Рассказать ей лично было бы лучшим вариантом, но нет времени и Тейси может понравиться ощущение контроля, которое даст письмо. После сегодняшнего все выйдет наружу и дико закрутится. Я хочу, чтобы она знала заранее, даже если информация рассорит нас. Я оставляю письмо у ее дома и отправляюсь домой дожидаться маму.

Такое чувство, словно я готовлюсь к последнему причастию. Я вытаскиваю тетрадь, мои пальцы зависают над заголовком. Сейчас мои фотографии лежат в кармашке вместе со снимками Гаррисона, мои яркие надписи над его паучьими черными чернилами.

Это последняя вещь, с какой я не могу справиться. Часть меня хочет спалить ее, но не потому ли, что я трусиха? Может быть, более сильный человек сразу бы все рассказал? Или показал бы ее любому, кто согласился бы смотреть? Я не знаю. Просто не знаю.

Отдавать это в полицию, это как будто получать по заслугам. Потому что им позволено выносить жесткие суждения о том, что опасно, а что нет. Они натренированы, у них есть власть, им за это платят. Я не такая.

Я пролистываю до конца, до моих снимков Кристен. Я добавляю пару от Гаррисона, но ручка замирает. Перечислять его преступления кажется излишним. Окрашенный автомобиль резюмирует все, что должно быть сказано.

Ну, может и не все.

Я прижимаю ручку к странице и пишу одно короткое предложение.

Когда я останавливаюсь, все кажется правильным.

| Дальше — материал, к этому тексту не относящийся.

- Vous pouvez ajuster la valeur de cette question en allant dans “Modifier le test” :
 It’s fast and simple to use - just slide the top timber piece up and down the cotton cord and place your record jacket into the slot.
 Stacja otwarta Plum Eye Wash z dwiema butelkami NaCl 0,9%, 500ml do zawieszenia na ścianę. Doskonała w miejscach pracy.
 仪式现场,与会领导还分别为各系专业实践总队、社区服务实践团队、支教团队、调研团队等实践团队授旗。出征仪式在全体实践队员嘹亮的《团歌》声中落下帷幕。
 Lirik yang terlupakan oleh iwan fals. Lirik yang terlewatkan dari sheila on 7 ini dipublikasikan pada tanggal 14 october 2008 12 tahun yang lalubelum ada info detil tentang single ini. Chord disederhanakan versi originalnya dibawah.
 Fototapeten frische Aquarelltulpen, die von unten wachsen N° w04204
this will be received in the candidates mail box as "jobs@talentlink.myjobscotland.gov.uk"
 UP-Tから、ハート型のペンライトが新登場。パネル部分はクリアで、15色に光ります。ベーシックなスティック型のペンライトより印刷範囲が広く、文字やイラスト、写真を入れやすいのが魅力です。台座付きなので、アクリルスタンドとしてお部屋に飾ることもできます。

Потом я колеблюсь, как будто работа не закончена. Мне нужна еще одна вещь. Всего одна. Я роюсь в своем столе, чтобы найти нужную фотографию.

Темные волосы, темные глаза, вышитый бисером браслет на руке. Это фотография с прошлого лета. Моя фотография.

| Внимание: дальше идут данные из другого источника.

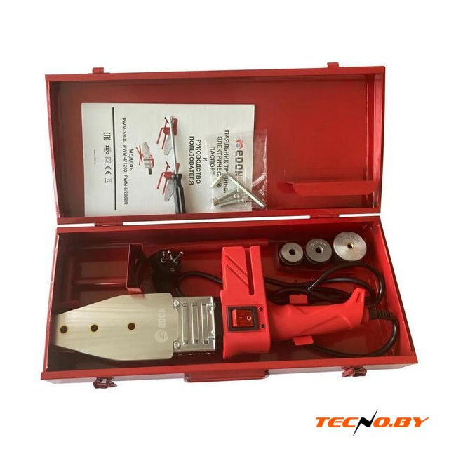 аппарат, 1000 Вт, мечевидный, 300 °C, термостат, нагрев 5 минут, с тефлоновым покрытием, насадки 20 мм/25 мм/32 мм/40 мм/50 мм/63 мм, кейс
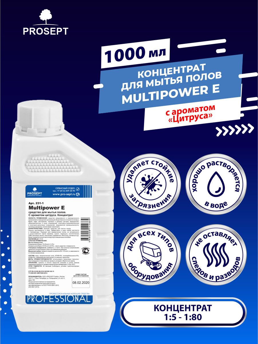 Средство для мытья полов. С ароматом цитруса. ( Multipower E Citrus 1 л. Prosept 231-1 )
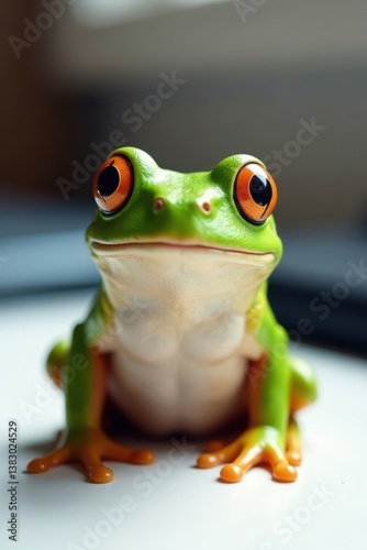 © Phennapha, Fototapeta premium Frog sitting on white desk, office, frog on desk
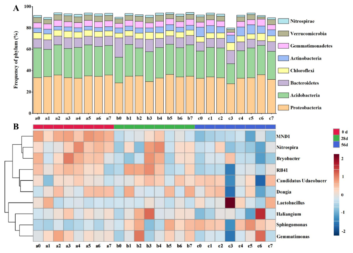 图1. 暴露于FLU和FLU+MPs后土壤微生物优势门属变化
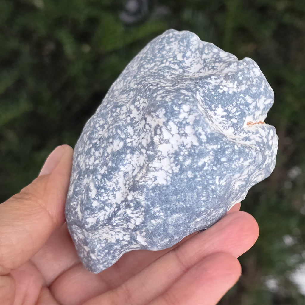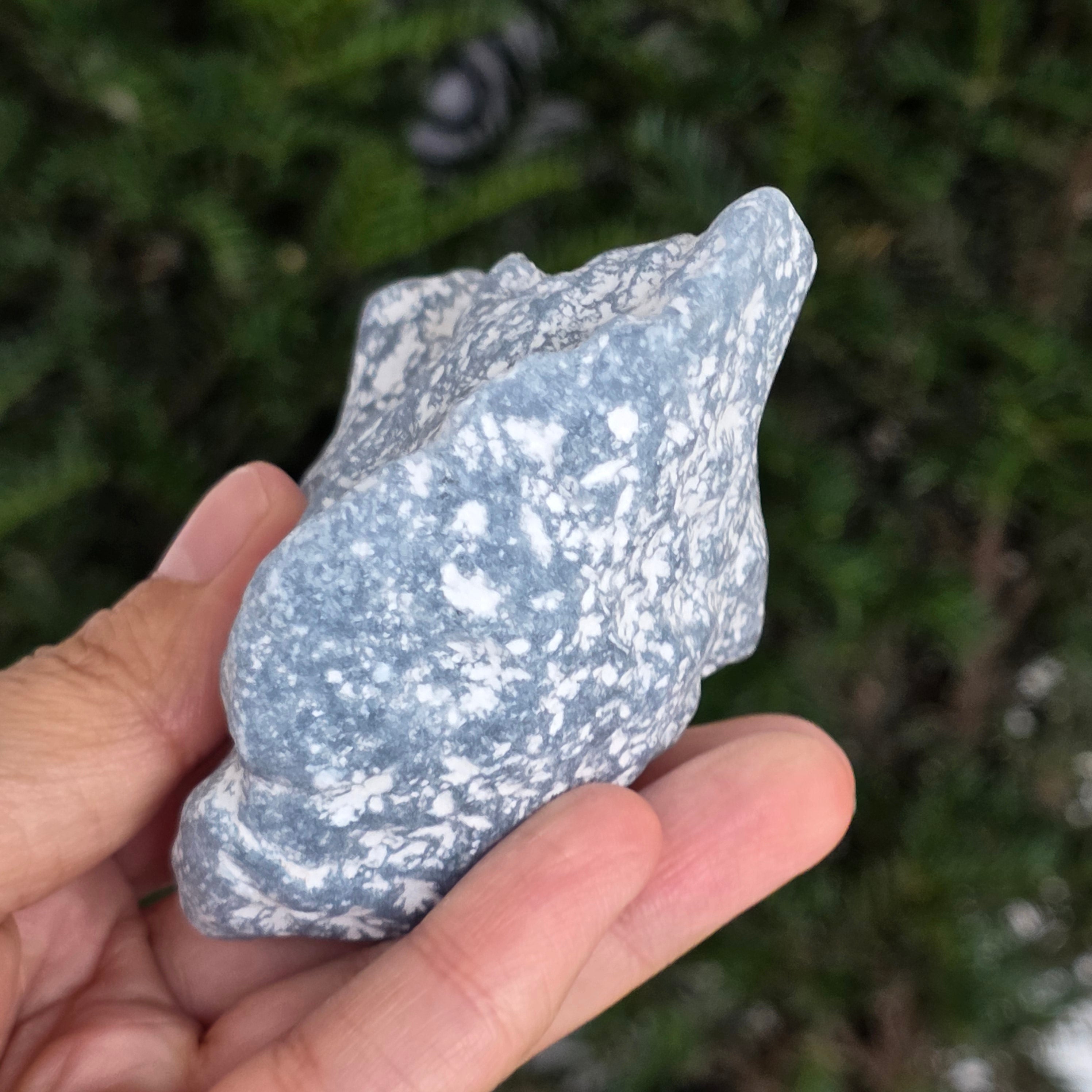 O piatră ce pare desprinsă dintr-un colț de cer. Această piatră brută de angelit natural păstrează forma și textura sa autentică, cu tonuri de albastru deschis, gri sidefat și reflexe subtile de alb. Suprafața mată, catifelată la atingere, emană o energie blândă și calmă, asemenea unui val de liniște care îmbrățișează spațiul.
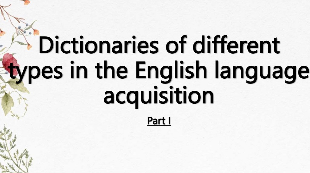 1. Dictionaries of different types in the English language acquisition Part I
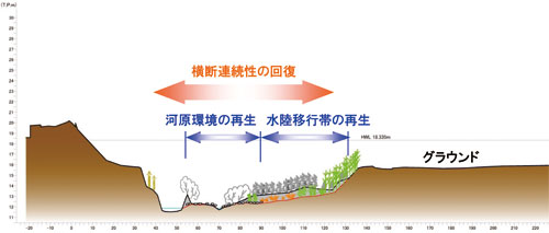 そのため、現在干陸化している砂州を切り下げることにより人工的に裸地環境や水陸移行帯を再生するとともに、冠水頻度及び洪水時の掃流力を増大させることにより自然の営力により河原環境の維持を図っていく。
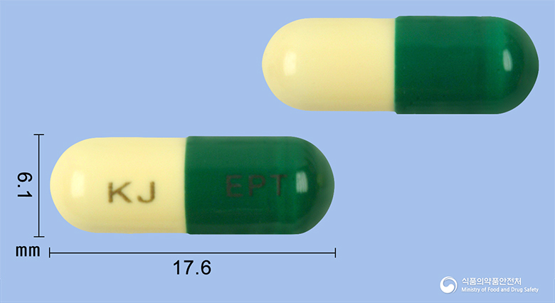 외형 정보: 이 약은 흰색 내지 미백색의 분말 또는 과립이 충전된 상부 초록색, 하부 미황색의 경질캡슐제입니다. 모양은 장방형이며, 각인으로 ‘KJ EPT’가 새겨져 있습니다.

Я не делаю никакой надписи под снимком. Я закрываю тетрадь и засовываю ее в сумку. Через несколько часов все уже будет в чьих-то других руках.

Глава 22

Мама приходит, когда я сижу на своем туалетном столике, ее волосы обвисли, папка напихана документами.

— Пайпер, мне так жаль. Этот день был безумным.

— Все в порядке. — Скоро он станет еще более безумным.

— Ты выглядишь мило, — говорит она, снимая свои туфли и подходя ко мне. Она пробегает рукой по моим волосам и улыбается мне в зеркале. — Ужин с Ником?

— Вообще-то баскетбольный матч.

Технически это правда. Большая часть из сказанного ей правда. Я просто опустила несколько важных деталей. Например, свое участие в жуткой работе мстителя. И женщину, с которой, может быть, спит мой отец.

Я даю маме версию жизни ее дочки из ежегодника. Я сижу в просвечивающей блузке и милых ботинках, притворяясь, что самое величайшее событие в моем мире это чудо пятничной баскетбольной игры вместе с Ником Паттерсоном.

Я отвожу взгляд от зеркала. Я больше ни секунды не могу смотреть на саму себя. А вот она стоит у моего плеча. Мама. Ее улыбка – та, которая говорит мне, как я могу выглядеть через двадцать пять лет, – сияет, обращенная ко мне.

— Мне не стоит говорить, какая ты сейчас хорошенькая.

— Сейчас же не выпускной, — пытаюсь отвечать я легким тоном, который не слишком мне удается.

— Позволь мне расчувствоваться. Ты никогда мне этого не позволяешь. — Она прикасается к моему лицу и улыбается мне в зеркале.

Я пытаюсь улыбнуться в ответ, но могу думать лишь о руке моего папы в окне той машины. Или о лице незнакомки. Наконец, мне удается приклеить улыбку. Но недостаточно быстро. Темные мамины глаза меняются. Она хмурится и наклоняется вперед с обеспокоенным выражением лица.

— Пайпер?

— Я в порядке. Извини, я замечталась.

— Чересчур замечталась. Ты начинаешь меня беспокоить.

Она опять прижимает тыльную сторону ладони к моему лбу и щекам, и я вспоминаю, как в детстве у меня был круп. Она сидела со мной всю ночь в ванной, лилась горячая вода из душа, пока в ванной не повис пар. Она не жаловалась. Она просто укачивала меня, говоря, что все будет хорошо.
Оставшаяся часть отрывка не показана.